Netanyahu has three months to size Baratz up, to go through his past with a fine-toothed comb, and to check every mention of his name on the internet. A pretty natural, basic and necessary procedure in 2015. Netanyahu didn’t do this, and we can see the result.

Ravid is willing to accept Netanyahu at his word that he was unaware of Baratz’s “Facebook meditations” but wonders how the Prime Minister could not have been made aware of how their author felt on these matters when the two met face to face.

As Ravid writes, on the contrary, “If anything – we should assume that Baratz’s views on Rivlin, Obama, the media and others were what brought him this far.”
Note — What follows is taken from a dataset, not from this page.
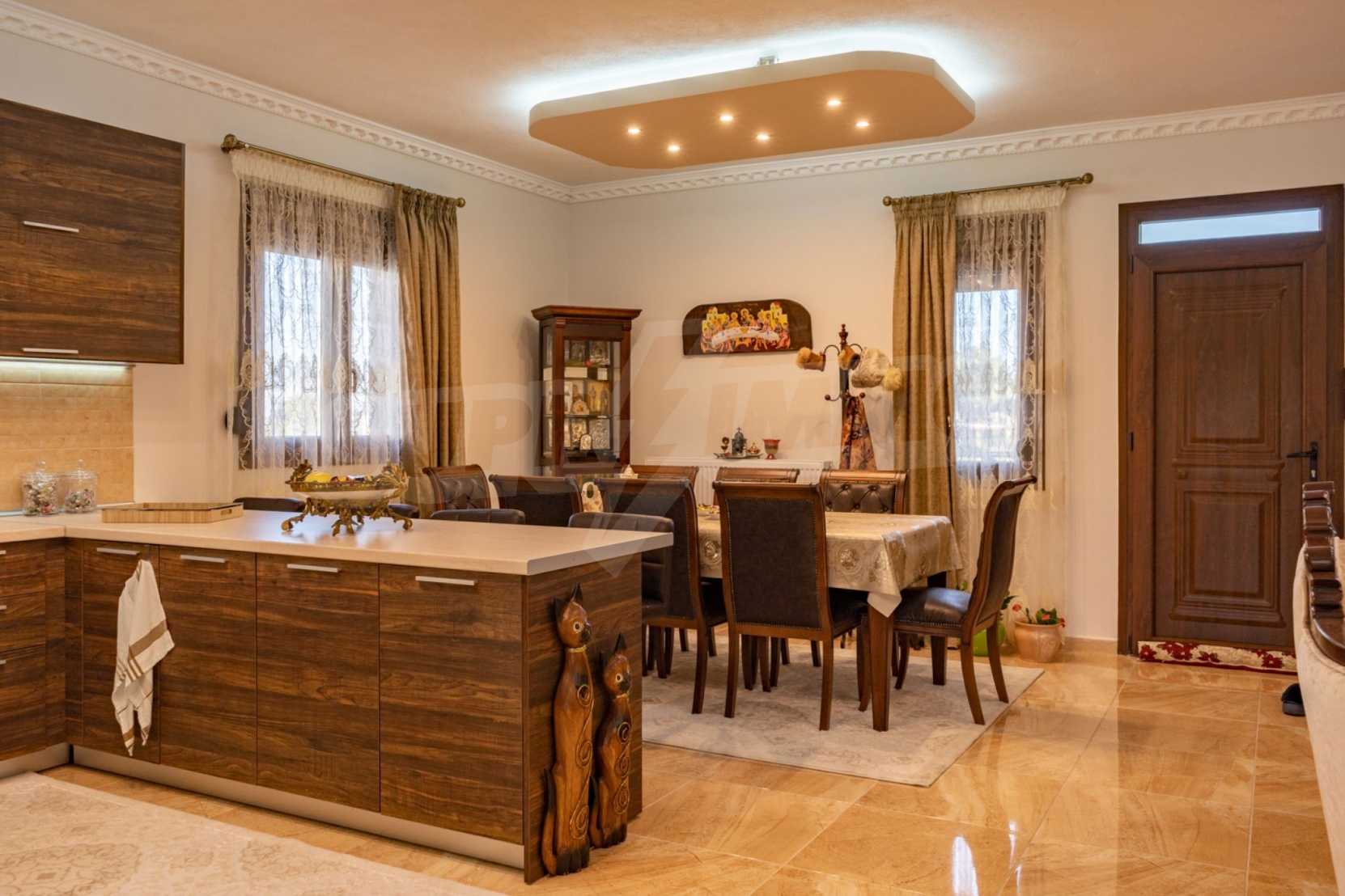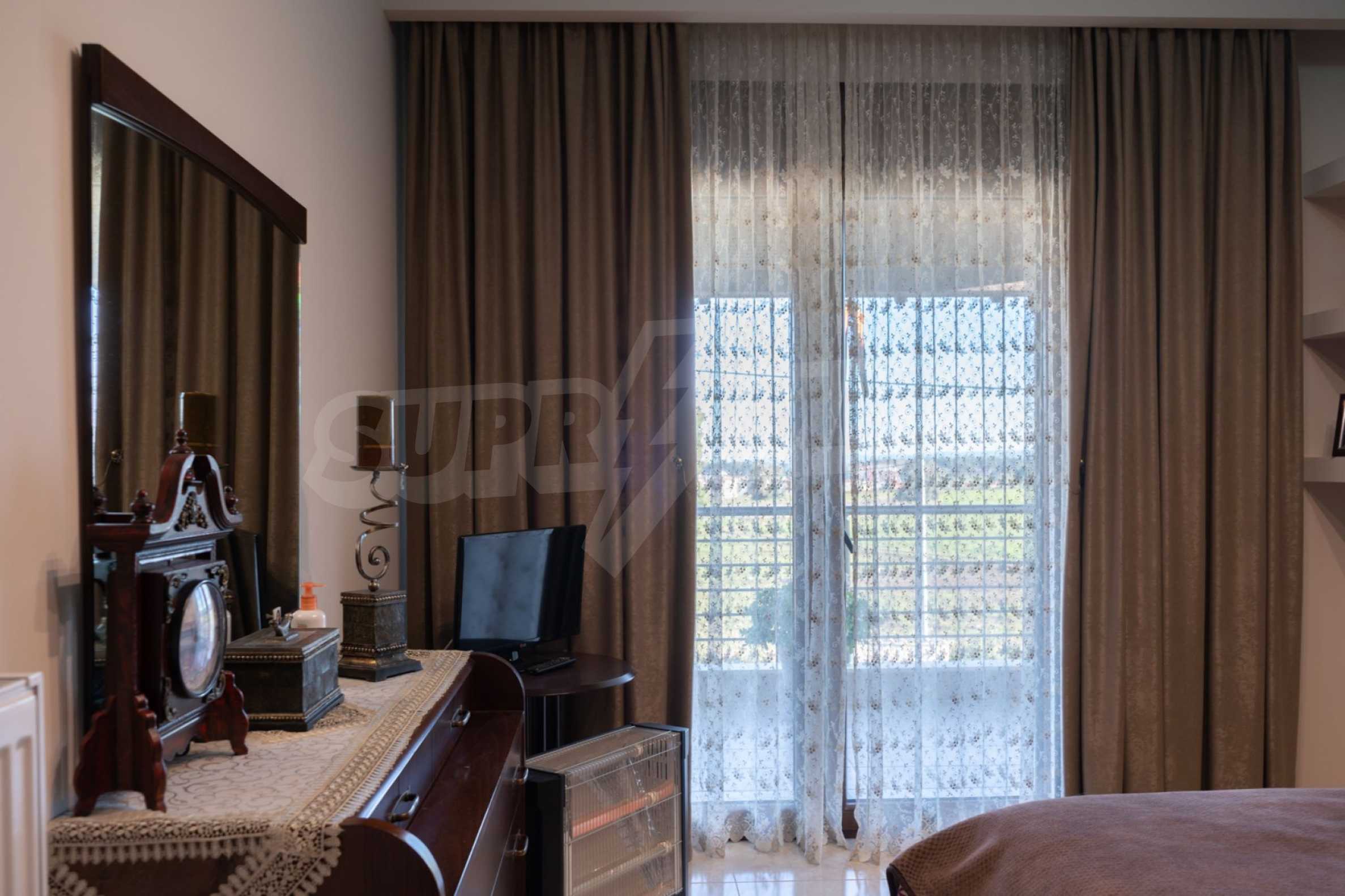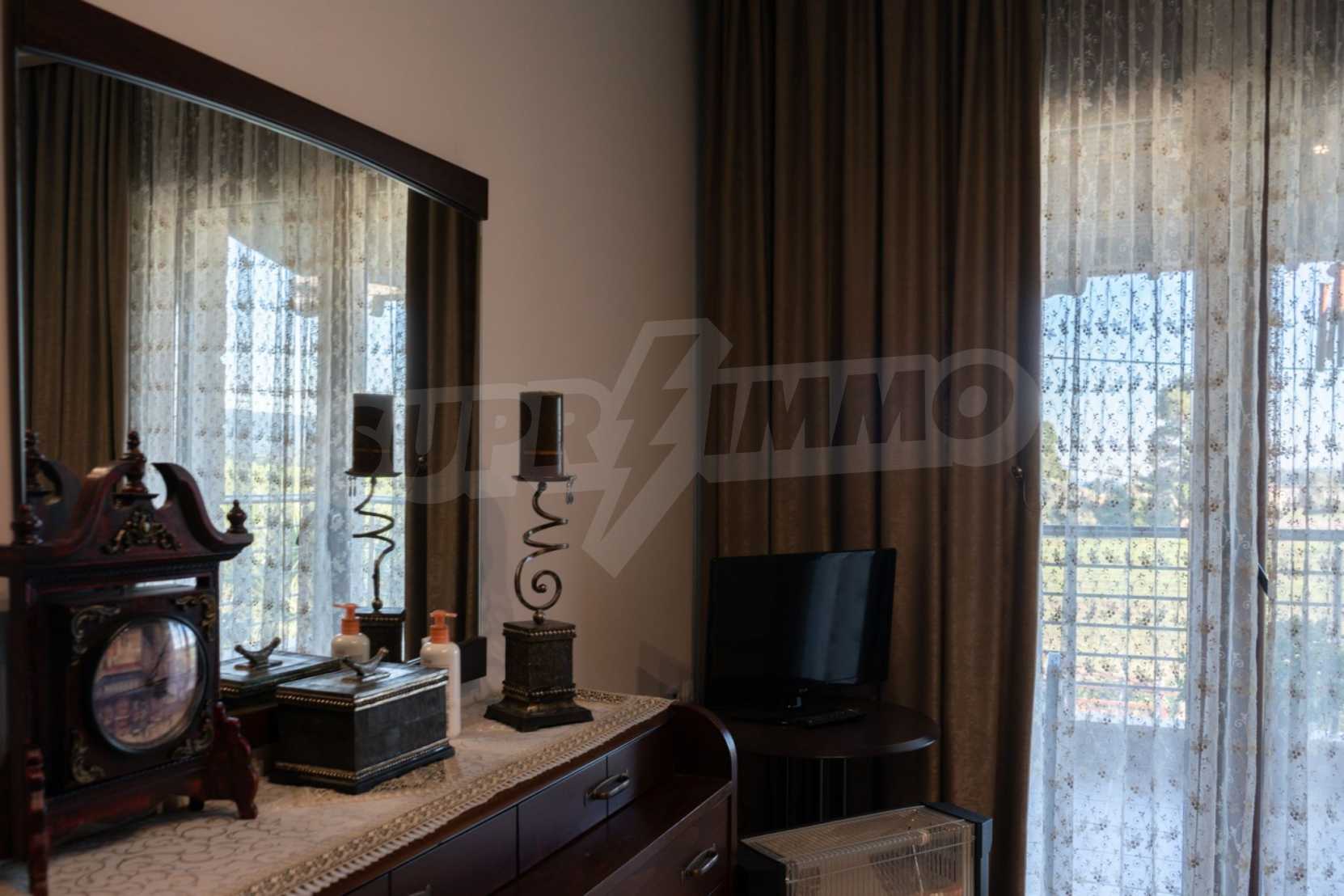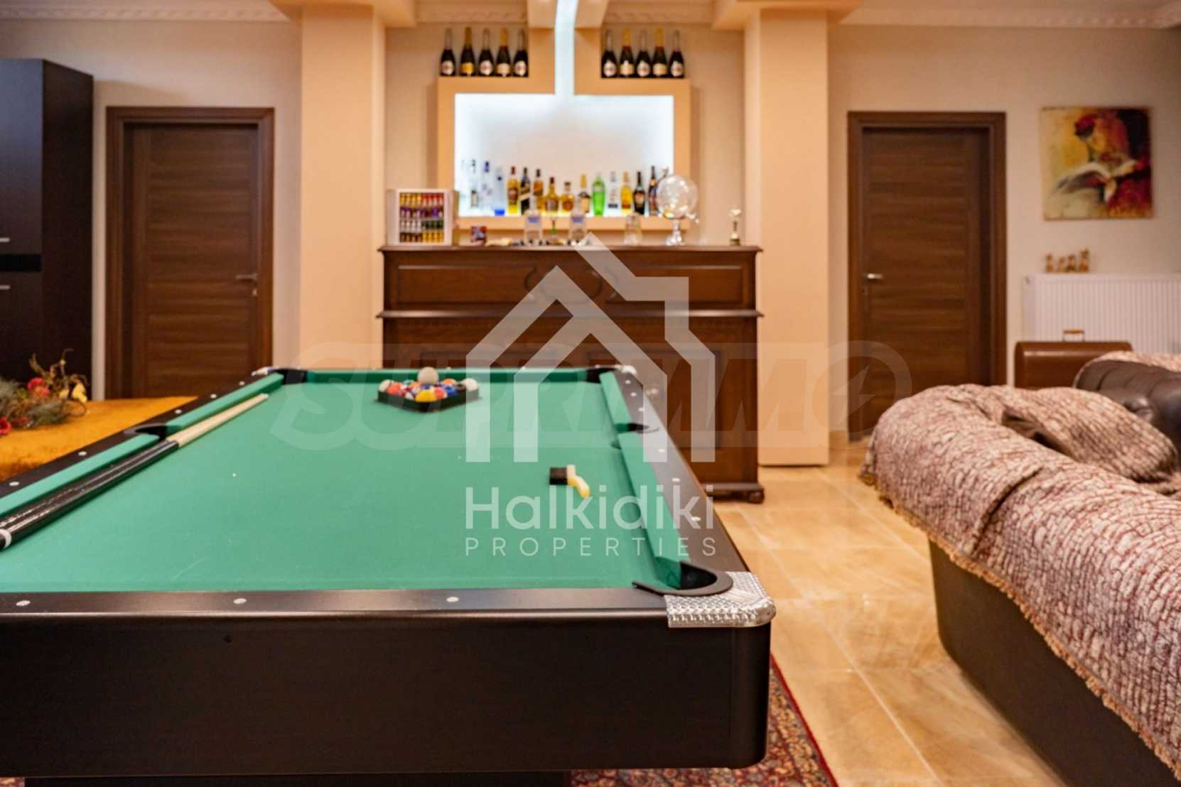 Unabhängige Villa, 260 m², in Kassandra, Chalkidiki, mit 650 m² privatem Garten und unverbautem permanenten Meerblick auf die Bucht von Toronaios. Die Liegenschaft befindet sich 2,5 km. vom Strand und dem Zentrum des Dorfes entfernt.Die Maisonette ist auf drei Ebenen aufgeteilt und besteht aus zwei Wohnzimmern, einem Spielzimmer, einer Küche, vier Schlafzimmern, drei Badezimmern und zwei Abstellräumen.Das Anwesen verfügt auch über große Balkone aus Aluminium Tischlerei, Kiosk, Sicherheitstür, Grill, Einbauschränke und Küche. Die Villa ist komplett ausgestattet und möbliert.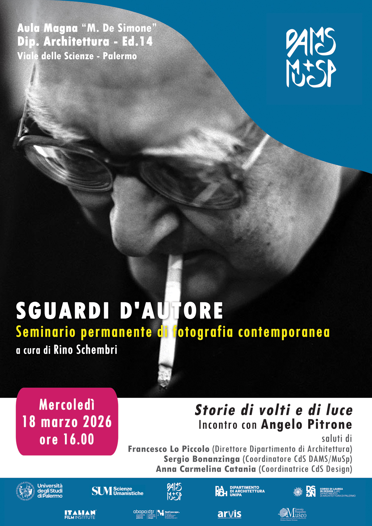 Mercoledì 18 marzo alle ore 16:00 prende il via il ciclo di incontri Sguardi d’autore. Seminario permanente di fotografia contemporanea, a cura di Rino Schembri. L’incontro si aprirà con i saluti istituzionali di Francesco Lo Piccolo, Direttore del Dipartimento di Architettura, Sergio Bonanzinga, Coordinatore del CdS DAMS/MuSp, e Anna Carmelina Catania, Coordinatrice del CdS Design.

Timing-wise, the whole thing seems on a par with Jeb Bush’s presidential campaign. Fortunately for Netanyahu, he is dealing with a man, Barack Obama, who is far more mature than he is, and who will not let U.S.-Israeli relations be torpedoed by someone Ravid refers to as “an ignoramus in anything relating to U.S.-Israel relations.”

I think that term could be used of Netanyahu as well.

Netanyahu had made his own displeasure felt early on with Democrats who supported the Iran nuclear deal, as though trying to take control of American foreign policy wasn’t enough of a slap in the face.

The New York Times reminds us that Democrats “were left off the guest list of the annual Rosh Hoshana reception at the Israeli Embassy in Washington,” and other Democrats experienced various other forms of displeasure extended by pro-Israel groups.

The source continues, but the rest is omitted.